- Problem statement: Pictures do not belong in the copy. Return all of the entries exactly.

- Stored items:
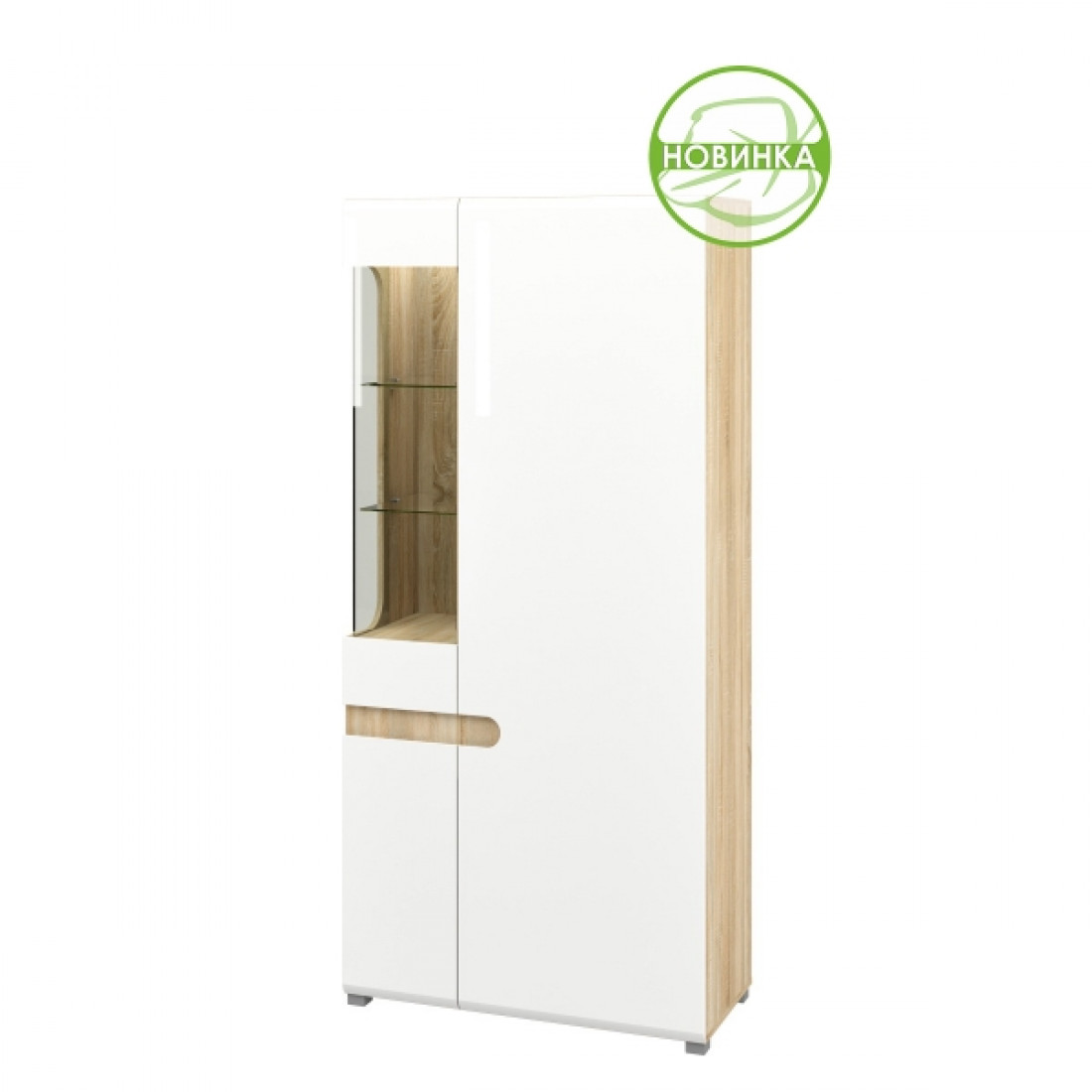 Двухстворчатый шкаф витрина для посуды в гостиную Леонардо МН-026-01/1 белый левый
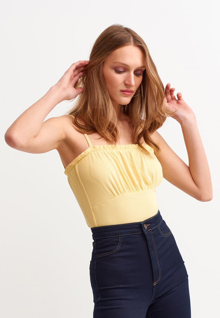 Sarı Askılı Crop Atlet
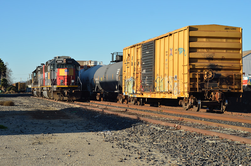 The power for the Hollister local run around a cut of cars as they rearrange their train to switch San Benito Foods.
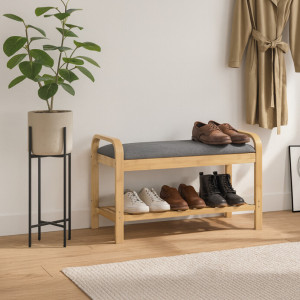 Dotaz na produkt Na splátky ještě dnesStylový a praktický botník z kvalitního bambusu kombinuje úložný prostor s pohodlným místem k sezení. Botník má přírodní barvu, která se snadno sladí s jakýmkoliv interiérem. Polstrovaný sedák v šedé barvě poskytuje komfort při obouvání. Tento botník je ideální volbou pro ty, kdo hledají funkční a estetické řešení pro ukládání bot a zároveň ocení pohodlí při každodenním používání. Skvělý doplněk do moderního domova.
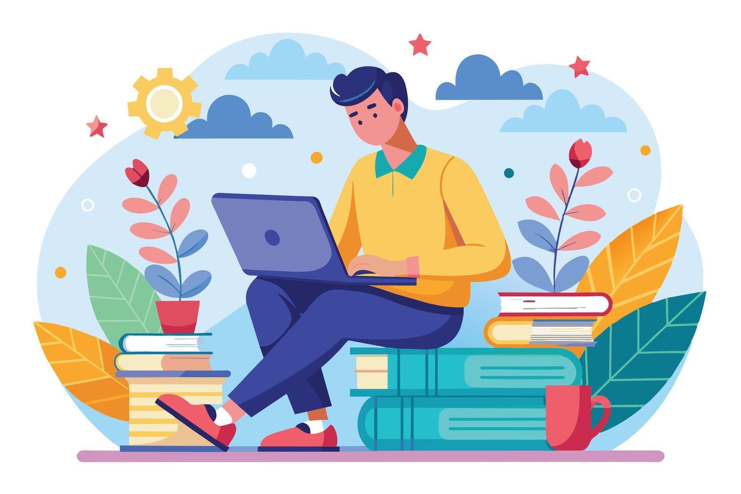 A man sits on a stack of books, working on a laptop. He is in a casual setting, surrounded by nature. vector
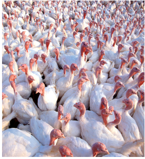 From domestication, turkey breeding continued along a certain trajectory, creating a turkey with maximal breast meat, fast growth, and extreme “feed efficiency” — meaning that the birds gain as much weight as possible per pound of feed they eat.
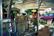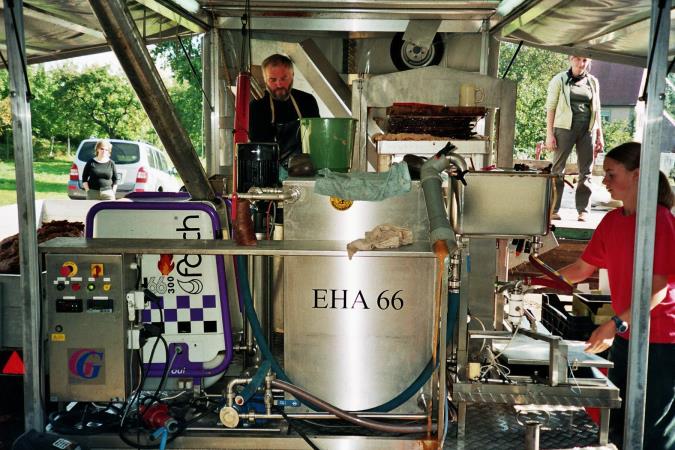 die mobile Anlage zum Einsatz. Mit dieser fahrbaren Saftpresse kann durch erhitzen
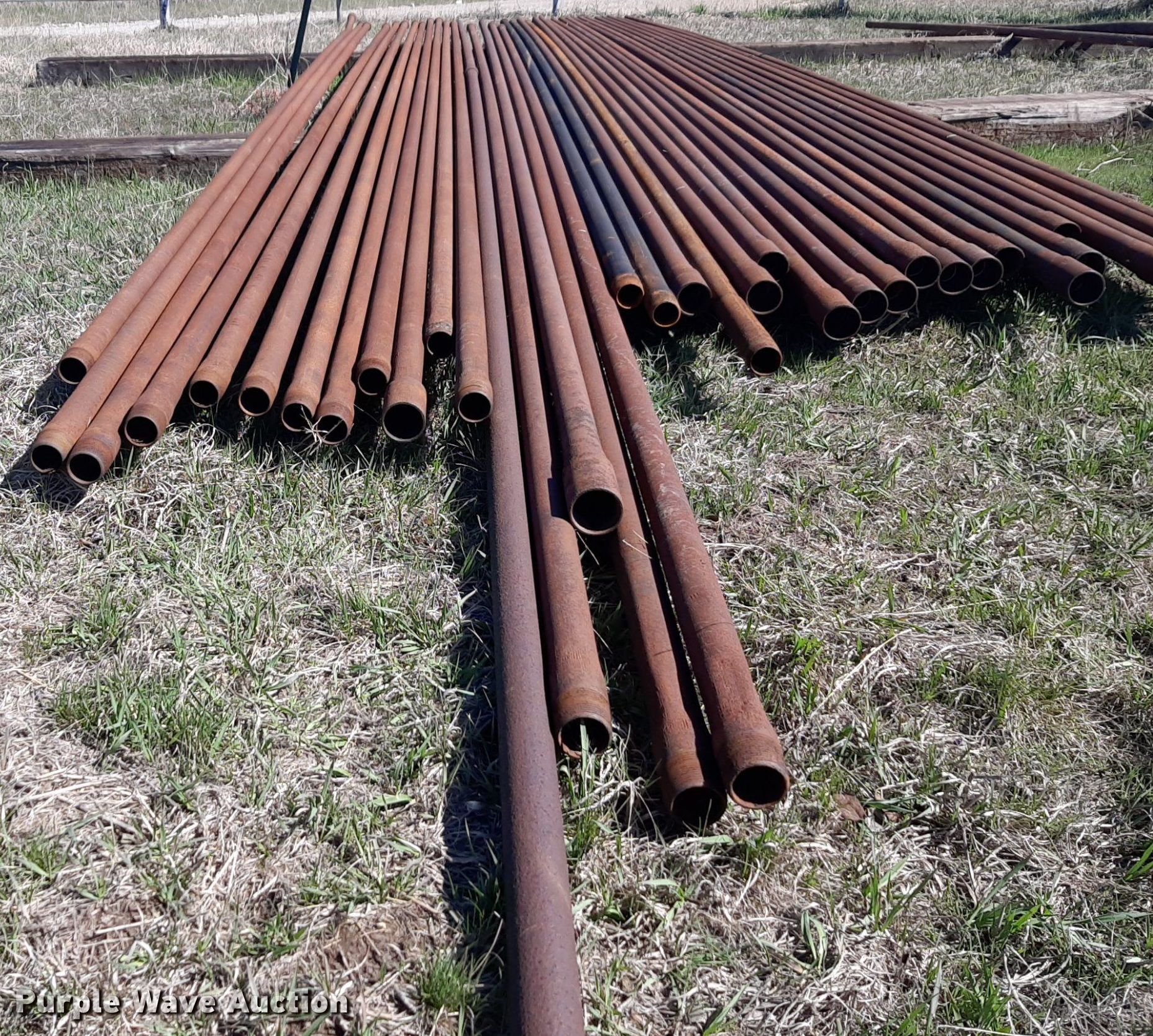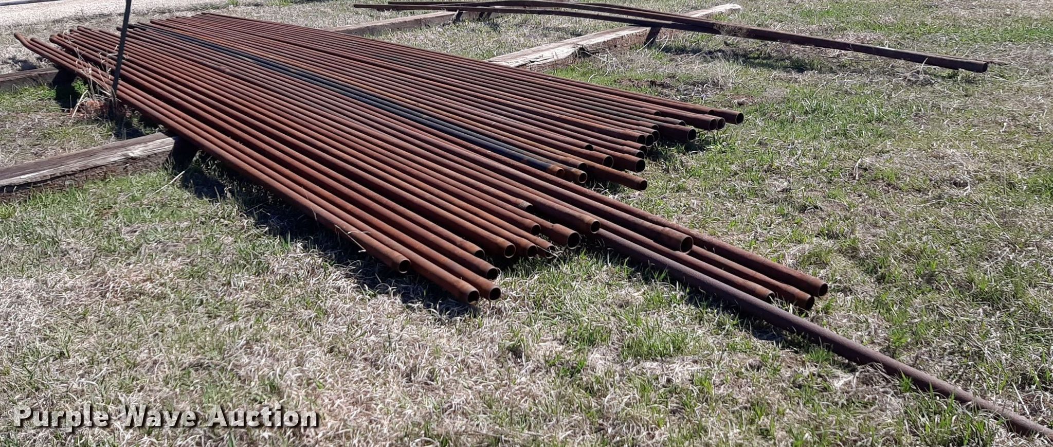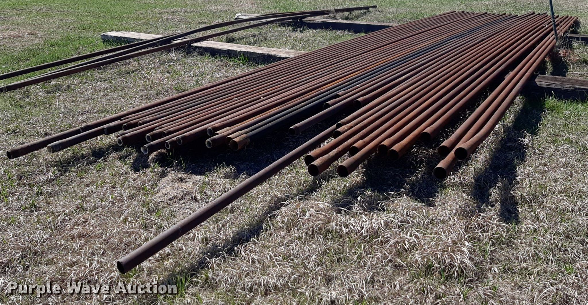 Purple Wave is selling a used Oilfield Equip. in Kansas. This item is a Approximately 43 joints of 30' L x 2 3/8" diameter oilfield pipe with the following: Approximately 43 joints of 30' L x 2 3/8" diameter oilfield pipe. Butler Brothers Inc.. Winfield, KS 67156

- Final answer:
 Двухстворчатый шкаф витрина для посуды в гостиную Леонардо МН-026-01/1 белый левый
 Sarı Askılı Crop Atlet
 The power for the Hollister local run around a cut of cars as they rearrange their train to switch San Benito Foods.
 Dotaz na produkt Na splátky ještě dnesStylový a praktický botník z kvalitního bambusu kombinuje úložný prostor s pohodlným místem k sezení. Botník má přírodní barvu, která se snadno sladí s jakýmkoliv interiérem. Polstrovaný sedák v šedé barvě poskytuje komfort při obouvání. Tento botník je ideální volbou pro ty, kdo hledají funkční a estetické řešení pro ukládání bot a zároveň ocení pohodlí při každodenním používání. Skvělý doplněk do moderního domova.
 A man sits on a stack of books, working on a laptop. He is in a casual setting, surrounded by nature. vector
 From domestication, turkey breeding continued along a certain trajectory, creating a turkey with maximal breast meat, fast growth, and extreme “feed efficiency” — meaning that the birds gain as much weight as possible per pound of feed they eat.
 die mobile Anlage zum Einsatz. Mit dieser fahrbaren Saftpresse kann durch erhitzen
 Purple Wave is selling a used Oilfield Equip. in Kansas. This item is a Approximately 43 joints of 30' L x 2 3/8" diameter oilfield pipe with the following: Approximately 43 joints of 30' L x 2 3/8" diameter oilfield pipe. Butler Brothers Inc.. Winfield, KS 67156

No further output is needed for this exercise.